Further north in the same department, another vehicle was swept away in similar circumstances, killing a man in his fifties, according to local officials.

A retired man in the neighbouring Lozere department died late Friday, apparently swept away as he was driving on a flooded mountain road. His body was found in his car more than 20 metres (yards) below on Saturday morning.

Meanwhile a man in his sixties died in Neffes, near Gap in southeastern France, after falling to the ground as he tried to unblock a pipe during heavy rains.

Southeastern France has seen multiple storms this autumn linked to abnormally high Mediterranean temperatures.

The first, in mid-September, left six dead.

Torrential rain closed road and rail links along the Italian Riviera on Saturday as storms that have killed five people this week returned to batter the north of the country.

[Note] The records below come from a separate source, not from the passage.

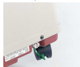
HomeFill присоединительный патрубков
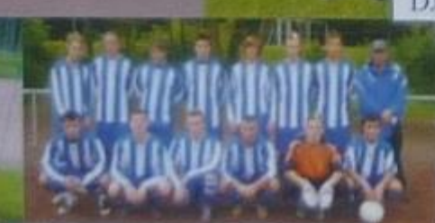
BW Gelsenkirchen A-Jugend
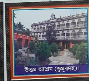
উত্তম আশ্রম (ডুমুরদহ)।
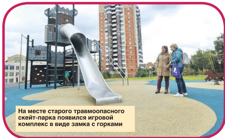
На месте старого травмоопасного скейт-парка появился игровой комплекс в виде замка с горками

The unusually extreme weather was feared to have claimed another victim when a car was swept off the road by a torrent of water at Mignangeo near Genoa, the main city in a coastal area known for its usually benign year-round climate.

Genoa mayor Marco Doria urged residents not to use their cars as workers battled to make roads around the city safe for use after 139 millimetres (five and a half inches) of rain fell on the area in a matter of hours.

"The situation is very difficult, very serious," Doria said. "The call is to stay at home. That is not to be alarmist, it is prudent."

Drivers were advised to avoid both the A10 motorway that runs from the French border along the coast to Genoa and the A7, which links Genoa with Milan.

Rail services along the coast were also disrupted and there were numerous delays and cancellations of flights in and out of Genoa airport, including a private one due to transport the Albania football squad to the city for a match with Italy on Tuesday.

Floods and landslides earlier this week caused damage estimated at more than 100 million euros ($125 million), as well as five deaths, some of which have been blamed on poor infrastructure.

A total of nine people have died in weather-related accidents in northern Italy in the last month.